▶
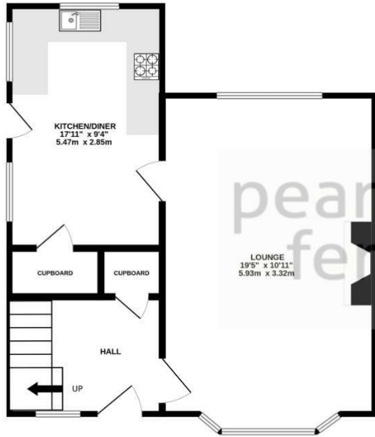
GROUND FLOOR 398 sq.ft. (37.0 sq.m.) approx.
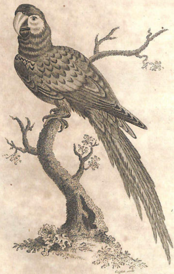
GREAT SCARLET MACAW
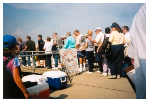
PERMISSION TO COME ABOARD GRANTED

Our dates for this year: Sundays July 11<sup>th</sup> and August 15<sup>th</sup> for the Sunset Cruises leaving the dock at 4:30 P.M. Saturdays July24th and August 28<sup>th</sup> for the Moonlight Cruises leaving the dock at 6:30 P.M. Boarding time 45 minute before cruises
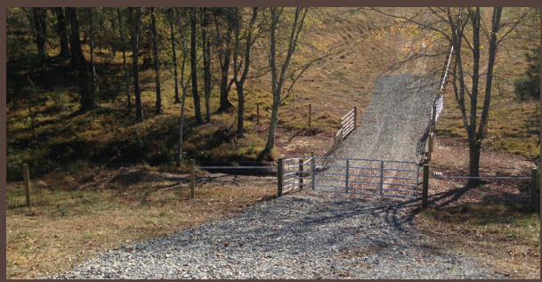
Stream Crossing – Culvert
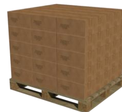
75 cartons per pallet
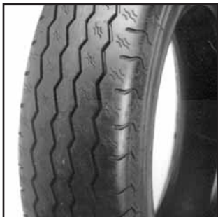
Avon 185VR16 Turbosteel

We have other brands and sizes in stock.
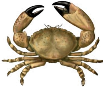
Atlantic Stone Crab
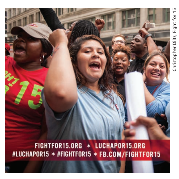
Fast-food workers in Chicago and other cities have walked off the job on one-day strikes to demand better wages and working conditions

The financial struggles of workers in full-service restaurants are also gaining wider recognition, thanks to the Restaurant Opportunities Center (ROC)-United. Co-founder Saru Jayaraman released her book Behind the Kitchen Door (Cornell University Press) on February 13, or 2/13 – a date that has special significance in the restaurant world, where the hourly wage of most tipped restaurant workers has been stuck at $2.13 per hour since 1991. Workers' tips are supposed to be sufficient to bring their hourly wage up to the minimum wage; when they don't, employers are supposed to make up the difference, but restaurant workers report that they're often left with belowminimum-wage earnings. ROC affiliates in cities across the country help workers fight for better employment conditions while also highlighting "high road" restaurants that create "win-win" solutions for workers, diners, and employers alike.
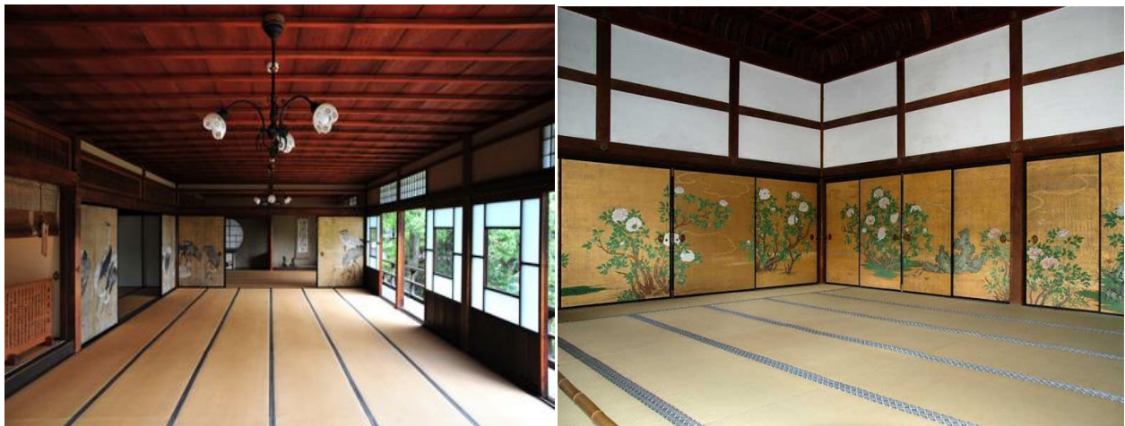
Ill.. 3. Demonstration of voids in the interior of the Japanese housing

All this is reflected in the organization of living space, a void which is a consequence of both philosophical and ritual factors (III.3).
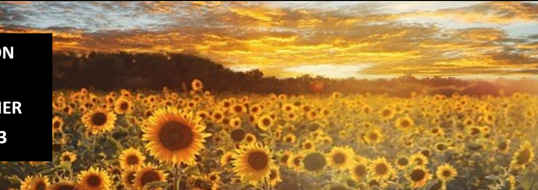
Reading: Judges 17 | Optional Reading: Judges 18 - 21

WEEKLY DEVOTION WITH PASTOR DAVE MINER Devotion No. 103
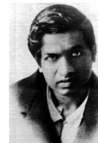
Srinivasa Ramanujan (1887 – 1920)
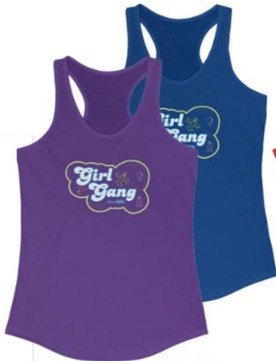
WOMENS RACERBACK TANK Sizes XS-2XL – $22.00
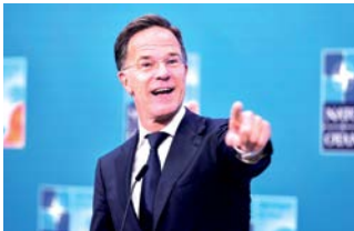
NATO Secretary General Mark Rutte speaks with the media as he arrives for the NATO summit in The Hague, Netherlands
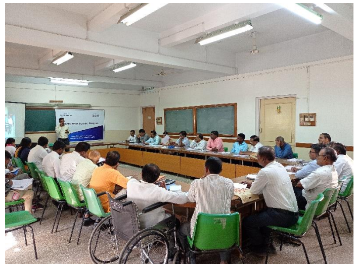
IBT co-ordinators training
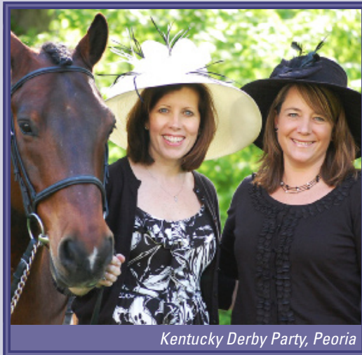
Kentucky Derby Party, Peoria
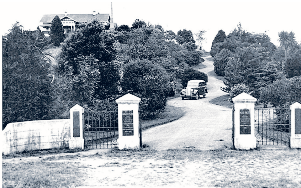
Howie Park Gates in the 1930's
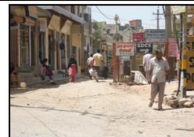
7. The location of the transformer and the hump in the middle of the road creates traffic bottlenecks.
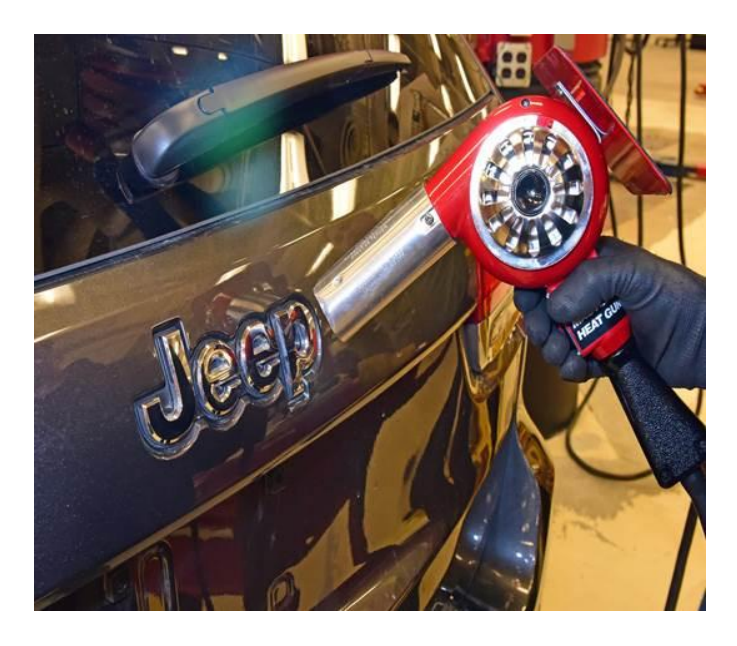
Fig. 3 Heat Gun
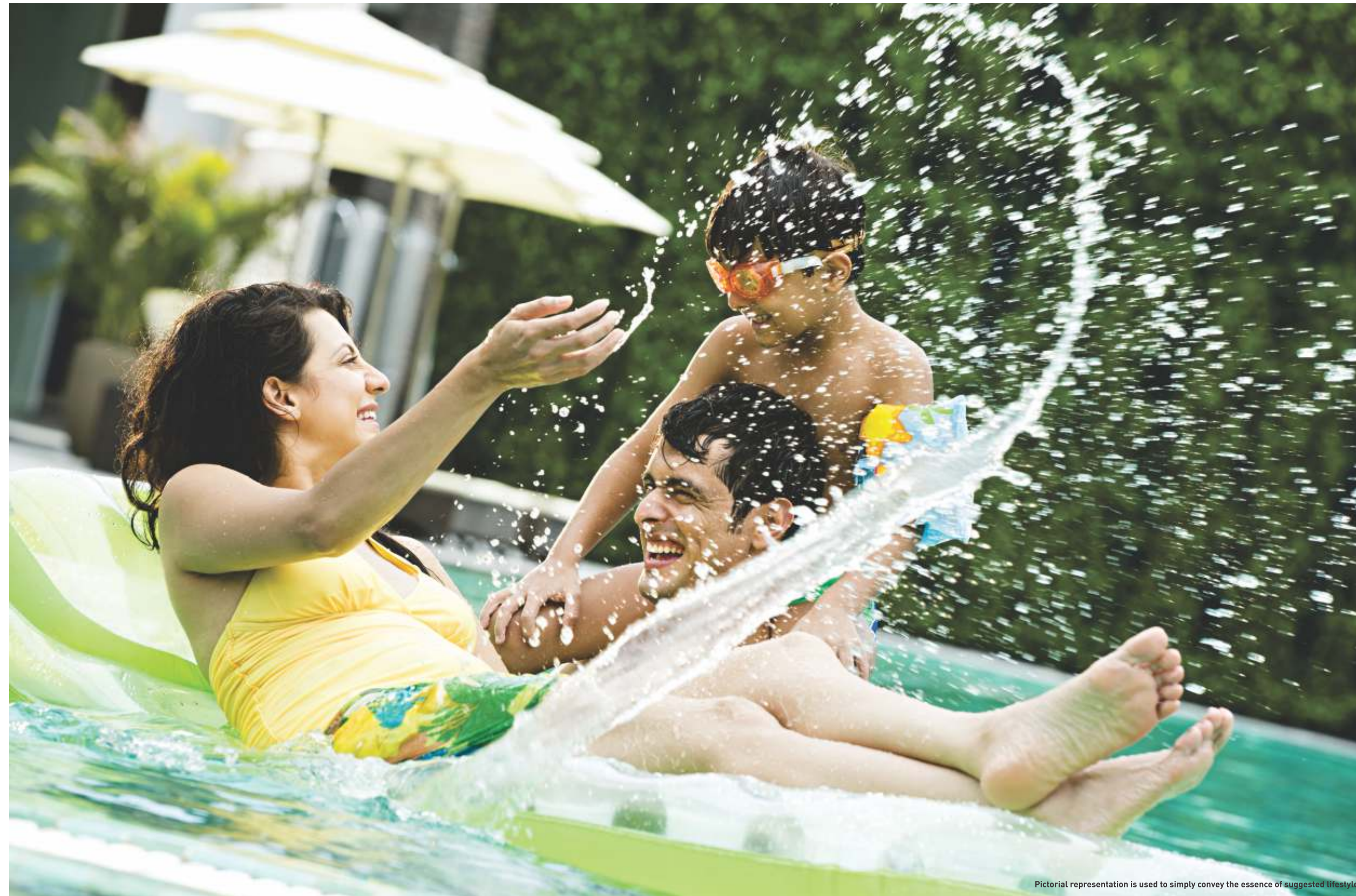
Pictorial representation is used to simply convey the essence of suggested lifestyle.
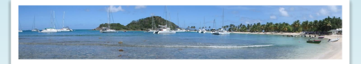
Sailing, Mayreau, The Grenadines
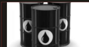
EASTERN SIBERIA PACIFIC OCEAN CRUDE OIL (ESPO)
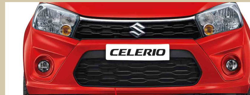
Stylish Front Grille & Bumper Design
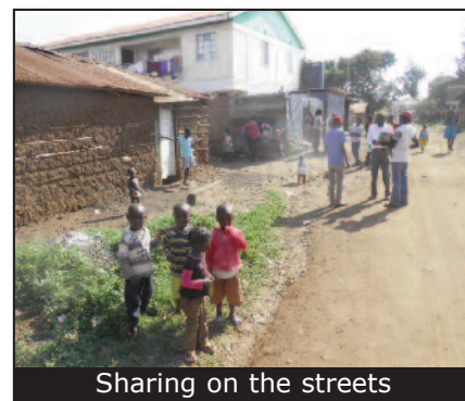
Sharing on the streets
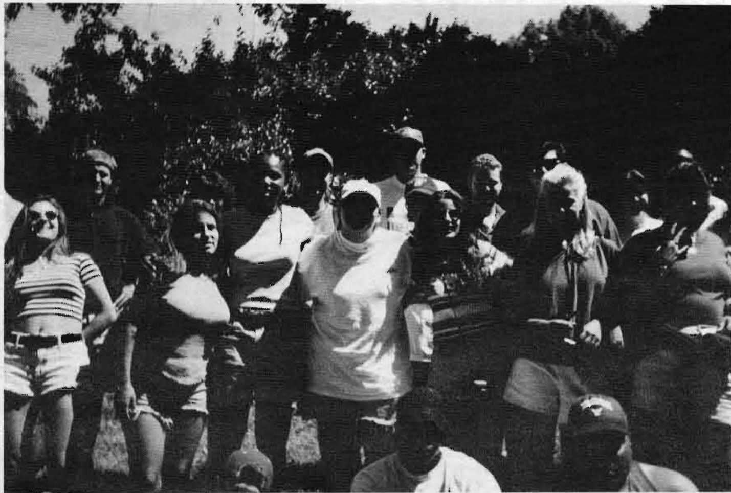
The Residence Life staff enjoys a retreat in Central Park
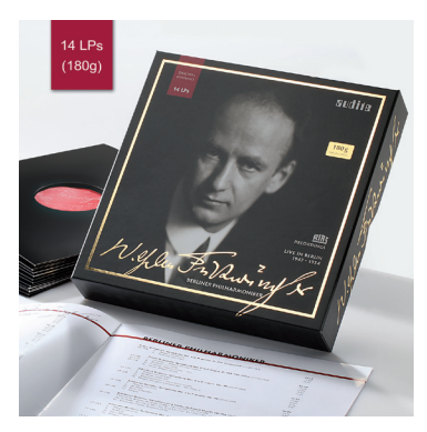
Wilhelm Furtwängler Berliner Philharmoniker
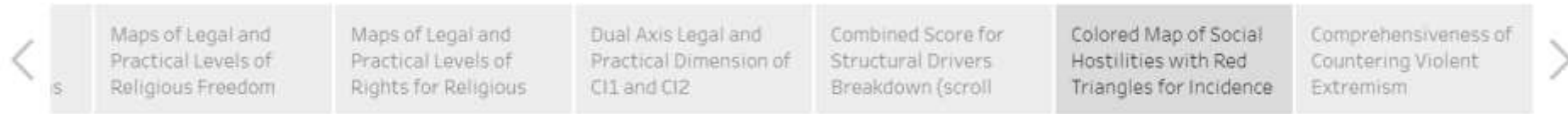
CI3: Colored Map of Social Hostilities with Size of Triangles for Incidence of Terrorism
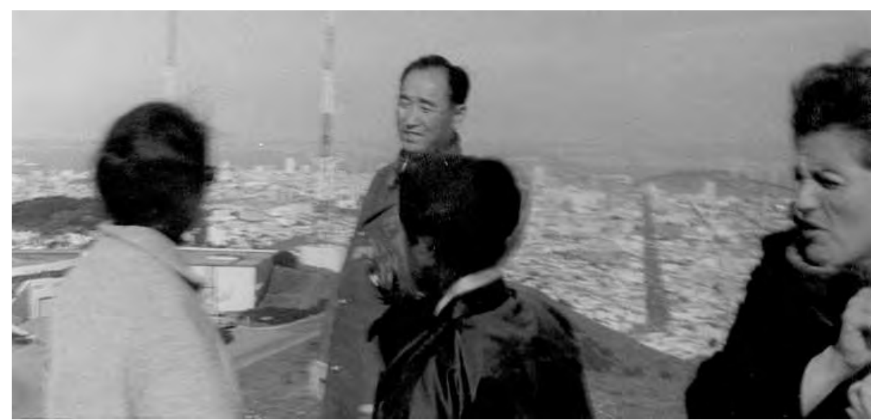
True Father established the first Holy Ground in the United States on Twin Peaks overlooking San Francisco

to Japan, departed ahead of them to prepare Americans for his visit.
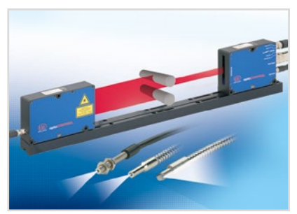
Optical micrometers and fiber optics, measuring and test amplifiers
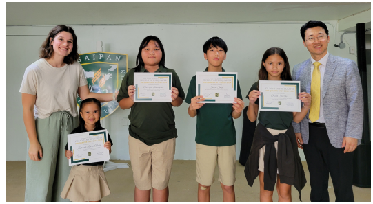
Students of the Quarter
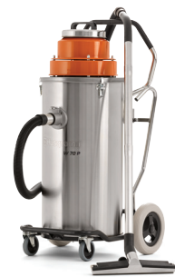
HUSQVARNA W 70 P 967 66 47-06
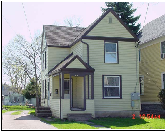
29 Pringle Ave 180200 84.066-1-32

Neighborhood: 500 Property Class: 220 - 2 Family Res Sale Date: 4/19/2023 Sale Price: $ 65,000 Prelim 2024 Land Asmt: $ 11,500 Prelim 2024 Asmt: $ 94,000 Building Style: Old Style Exterior Wall: Alum/vinyl Year Built: 1900 Basement Type: Full Grade: Average Condition: Poor SFLA: 1,442 Sale Price/SFLA: $ 45.08 Number Bedrooms: 3 Number Baths: 2.0
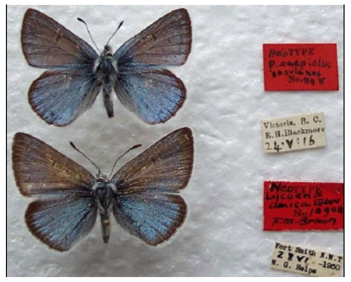
Figure 7. Dorsal view of insulanus (top) and amica (bottom) types.

It is clear from this brief review that there are numerous and conflicting interpretations regarding Aricia saepiolus in northwestern North America. It is equally clear that there is insufficient information presented in the literature to allow an unambiguous assessment of which interpretation is most defensible and congruent with reality in the field. There is no clarity as to where saepiolus grades into insulanus and amica or even if they do. There is no clarity as to where kodiak grades into amica . The literature also presents differing descriptions of the appearance of the taxa under discussion. We do not elaborate on that here since it is more appropriate to include in a future taxonomic review.
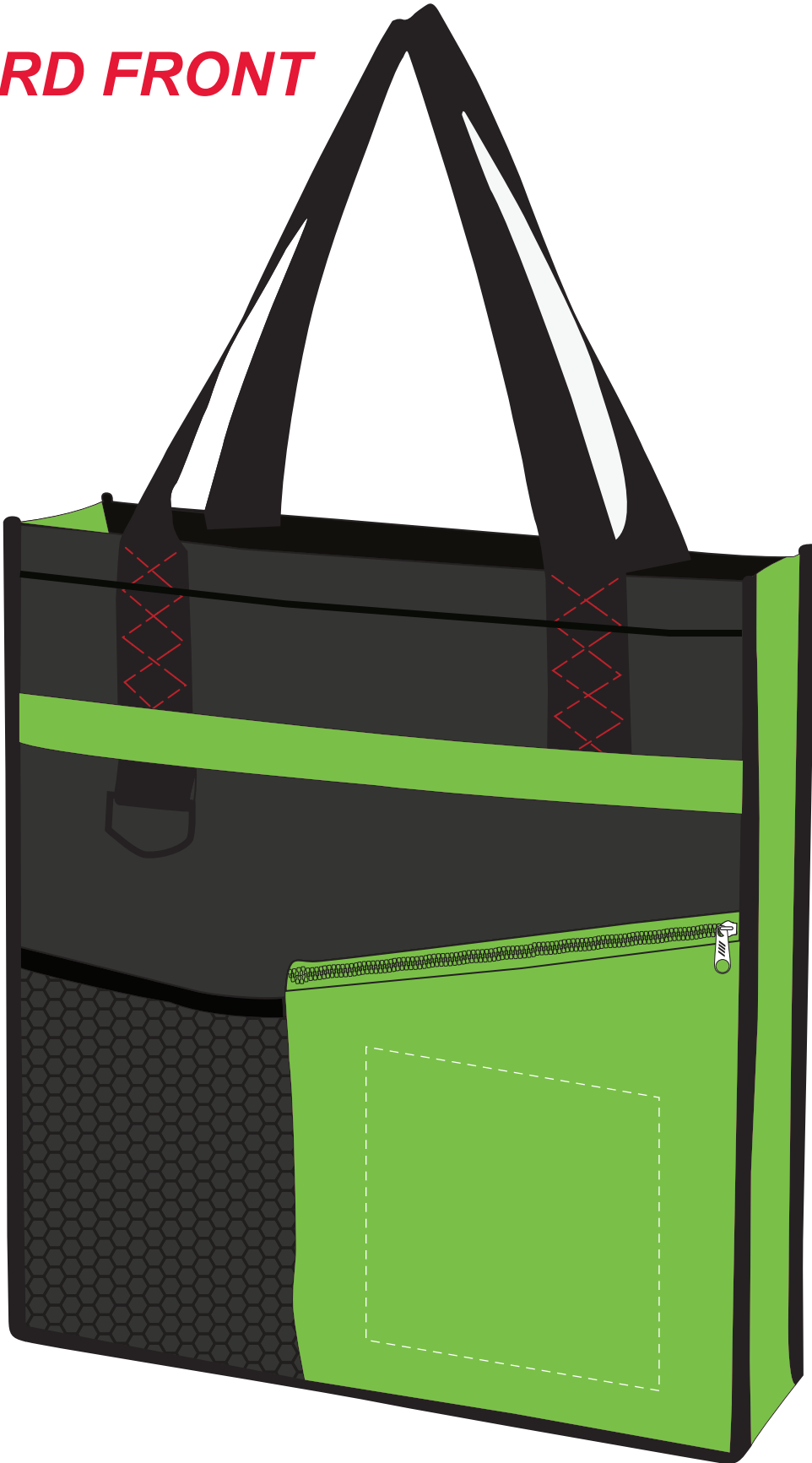
COMPOSITE NOT ACTUAL SIZE
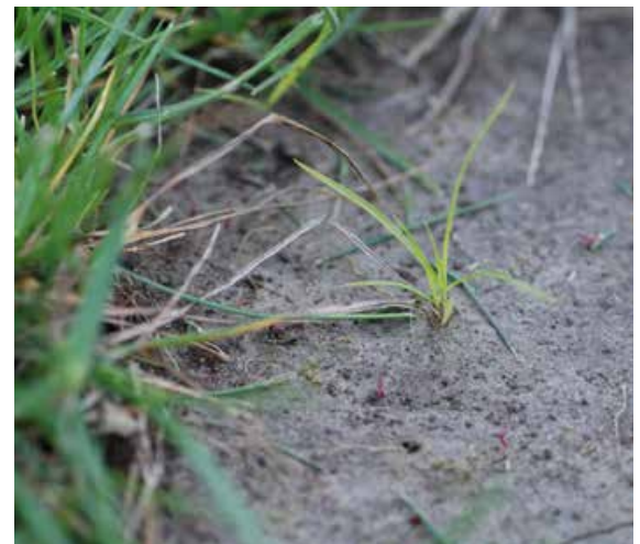
Figure 4. This yellow nutsedge plant was visible in April shortly after emerging in a bare soil area.
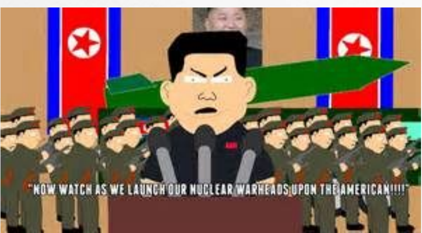
"NOW WATCH AS WE LAUNCH OUR NUCLEAR WARHEADS UPON THE AMERICAN!!!!"
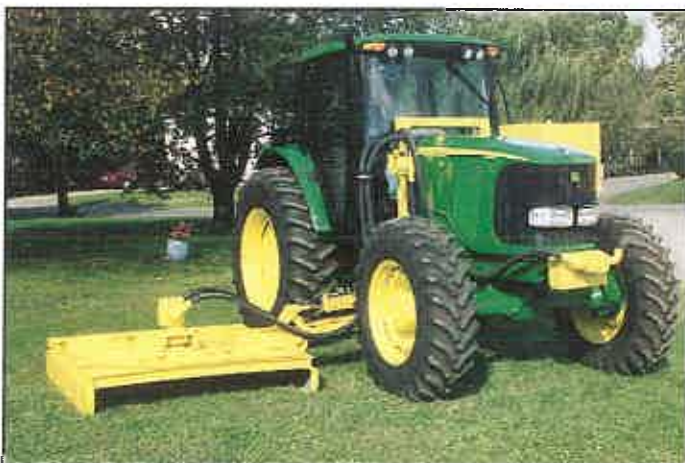
SIDE ROTARY WITH & WITHOUT BREAKAWAY
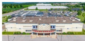
VACANT MOVIE THEATER Muncy Twp (Williamsport), PA
◀
▶ **WORK INSTRUCTIONS**
Every line of the data above should be repeated exactly. Omit the pictures.

▶ **RESULT BELOW**
GROUND FLOOR 398 sq.ft. (37.0 sq.m.) approx.
GREAT SCARLET MACAW
PERMISSION TO COME ABOARD GRANTED

Our dates for this year: Sundays July 11<sup>th</sup> and August 15<sup>th</sup> for the Sunset Cruises leaving the dock at 4:30 P.M. Saturdays July24th and August 28<sup>th</sup> for the Moonlight Cruises leaving the dock at 6:30 P.M. Boarding time 45 minute before cruises
Stream Crossing – Culvert
75 cartons per pallet
Avon 185VR16 Turbosteel

We have other brands and sizes in stock.
Atlantic Stone Crab
Fast-food workers in Chicago and other cities have walked off the job on one-day strikes to demand better wages and working conditions

The financial struggles of workers in full-service restaurants are also gaining wider recognition, thanks to the Restaurant Opportunities Center (ROC)-United. Co-founder Saru Jayaraman released her book Behind the Kitchen Door (Cornell University Press) on February 13, or 2/13 – a date that has special significance in the restaurant world, where the hourly wage of most tipped restaurant workers has been stuck at $2.13 per hour since 1991. Workers' tips are supposed to be sufficient to bring their hourly wage up to the minimum wage; when they don't, employers are supposed to make up the difference, but restaurant workers report that they're often left with belowminimum-wage earnings. ROC affiliates in cities across the country help workers fight for better employment conditions while also highlighting "high road" restaurants that create "win-win" solutions for workers, diners, and employers alike.
Ill.. 3. Demonstration of voids in the interior of the Japanese housing

All this is reflected in the organization of living space, a void which is a consequence of both philosophical and ritual factors (III.3).
Reading: Judges 17 | Optional Reading: Judges 18 - 21

WEEKLY DEVOTION WITH PASTOR DAVE MINER Devotion No. 103
Srinivasa Ramanujan (1887 – 1920)
WOMENS RACERBACK TANK Sizes XS-2XL – $22.00
NATO Secretary General Mark Rutte speaks with the media as he arrives for the NATO summit in The Hague, Netherlands
IBT co-ordinators training
Kentucky Derby Party, Peoria
Howie Park Gates in the 1930's
7. The location of the transformer and the hump in the middle of the road creates traffic bottlenecks.
Fig. 3 Heat Gun
Pictorial representation is used to simply convey the essence of suggested lifestyle.
Sailing, Mayreau, The Grenadines
EASTERN SIBERIA PACIFIC OCEAN CRUDE OIL (ESPO)
Stylish Front Grille & Bumper Design
Sharing on the streets
The Residence Life staff enjoys a retreat in Central Park
Wilhelm Furtwängler Berliner Philharmoniker
CI3: Colored Map of Social Hostilities with Size of Triangles for Incidence of Terrorism
True Father established the first Holy Ground in the United States on Twin Peaks overlooking San Francisco

to Japan, departed ahead of them to prepare Americans for his visit.
Optical micrometers and fiber optics, measuring and test amplifiers
Students of the Quarter
HUSQVARNA W 70 P 967 66 47-06
29 Pringle Ave 180200 84.066-1-32

Neighborhood: 500 Property Class: 220 - 2 Family Res Sale Date: 4/19/2023 Sale Price: $ 65,000 Prelim 2024 Land Asmt: $ 11,500 Prelim 2024 Asmt: $ 94,000 Building Style: Old Style Exterior Wall: Alum/vinyl Year Built: 1900 Basement Type: Full Grade: Average Condition: Poor SFLA: 1,442 Sale Price/SFLA: $ 45.08 Number Bedrooms: 3 Number Baths: 2.0
Figure 7. Dorsal view of insulanus (top) and amica (bottom) types.

It is clear from this brief review that there are numerous and conflicting interpretations regarding Aricia saepiolus in northwestern North America. It is equally clear that there is insufficient information presented in the literature to allow an unambiguous assessment of which interpretation is most defensible and congruent with reality in the field. There is no clarity as to where saepiolus grades into insulanus and amica or even if they do. There is no clarity as to where kodiak grades into amica . The literature also presents differing descriptions of the appearance of the taxa under discussion. We do not elaborate on that here since it is more appropriate to include in a future taxonomic review.
COMPOSITE NOT ACTUAL SIZE
Figure 4. This yellow nutsedge plant was visible in April shortly after emerging in a bare soil area.
"NOW WATCH AS WE LAUNCH OUR NUCLEAR WARHEADS UPON THE AMERICAN!!!!"
SIDE ROTARY WITH & WITHOUT BREAKAWAY
VACANT MOVIE THEATER Muncy Twp (Williamsport), PA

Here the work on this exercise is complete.